= Pierre de Beauvau =

French noble, advisor to Charles VII (c.1380–1435)

Pierre I of Beauvau (c.1380 – 1435), baron of Beauvau, La Roche-sur-Yon and Champigny-sur-Veude, lord of Craon, of Sablé and Ferté-Bernard by marriage. He was an adviser for Charles VII, and chamberlain, counsellor, governor and lieutenant to dukes, Louis II, Louis III and René of Anjou.

== Biography ==
Born in 1380, Pierre was the son of Jean II de Beauvau and Jeanne de Tigny. A retainer of the House of Anjou, he accompanied Louis II to Italy and returned to Anjou in 1414. Pierre was governor of Anjou, Maine, Provence, and captain of Angers responsible for the defense of the city against the English during the Hundred Years War. He was delegated by Louis III of Anjou in 1429 to supervise the renovations to the castle of Tarascon, and captain of the tower of Taranto. Appointed ambassador to the King of Sicily, Pierre was often traveling through the fiefs and possessions of René d'Anjou, particularly in Sicily and Provence.

During Charles VI of France's instability, Pierre was appointed by Yolande d'Aragon, to be a governor to the dauphin, Charles. He spent months at a time with the dauphin both in Angers in 1413, and Tarascon in 1415. With Tanneguy du Chastel, Pierre was instrumental in getting dauphin Charles out of Paris, during the capture of the capital by the Burgundians on 29 May 1418. On 10 September 1419, Pierre was present at the meeting at Montereau, where John, Duke of Burgundy was murdered. By 1422, he was captain of Angers, and in 1429 was governor of Provence.

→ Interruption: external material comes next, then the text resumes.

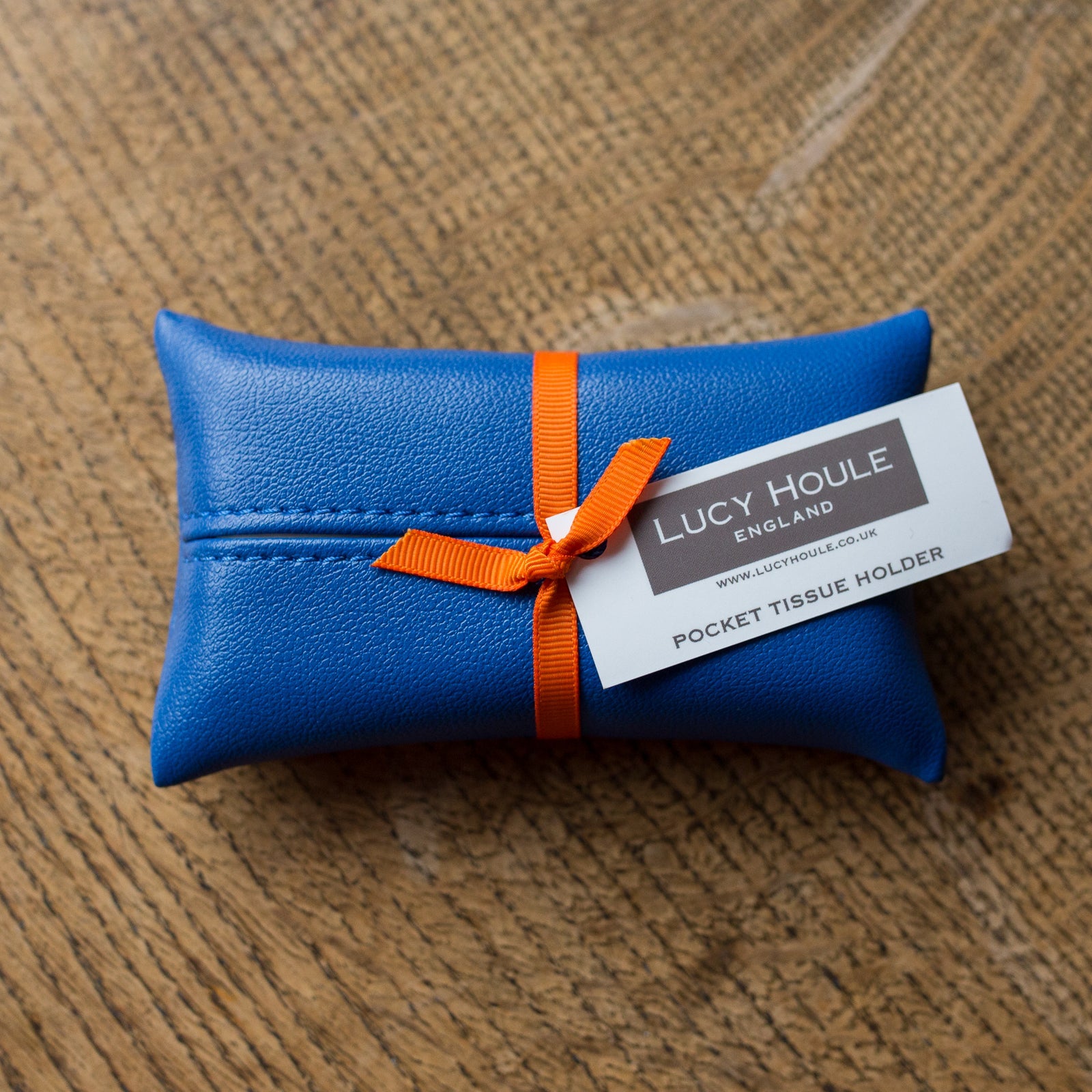 Faux Leather Cobalt Blue Pocket Tissue Holder Orange

Pierre supported Louis III of Anjou's bid for the kingdom of Naples in 1424 and 1427, becoming governor of Calabria.

He died in 1435.

==Marriage==
In 1415, he married Jeanne de Craon. She was the daughter of Pierre de Craon and Jeanne de Châtillon. They had:
- Louis de Beauvau (1416-1462), married Marguerite de Chambley, daughter of Ferry de Chambley and Jeanne de Launay
- Jean IV de Beauvau (1421-1503), married Jeanne de Manonville

==Sources==
- Adams, Tracy (2010). "The Life and Afterlife of Isabeau of Bavaria"
- Bianciotto, Gabriel (1994). "Le Roman de Troyle"
- Coulet, Noël (2000). "La noblesse dans les territoires angevins à la fin du Moyen Age. Actes du colloque international organisé par l'Université d'Angers-saumur, 3-6 juin 1998"
- Coville, Alfred (1974). "La Vie Intellectuelle Dans Les Domaines D'Anjou-Provence de 1380-1435"
- Curry, Anne (2022). "A Soldiers' Chronicle of the Hundred Years War: College of Arms Manuscript M 9"
- Emery, Anthony (2015). "Seats of Power in Europe during the Hundred Years War: An Architectural Study from 1330 to 1480"
- Favier, Jean (2008). "Le Roi René"
- Hanly, Michael G. (1990). "Boccaccio, Beauvau, Chaucer: Troilus and Criseyde : Four Perspectives on Influence"
- Kekewich, Margaret L. (2008). "The Good King: René of Anjou and Fifteenth Century Europe"
- Rohr, Zita Eva (2016). "Yolande of Aragon (1381-1442) Family and Power: The Reverse of the Tapestry"
- Spangler, Jonathan (2017). "Internationale Geschichte in Theorie Und Praxis/International History in Theory and Practice"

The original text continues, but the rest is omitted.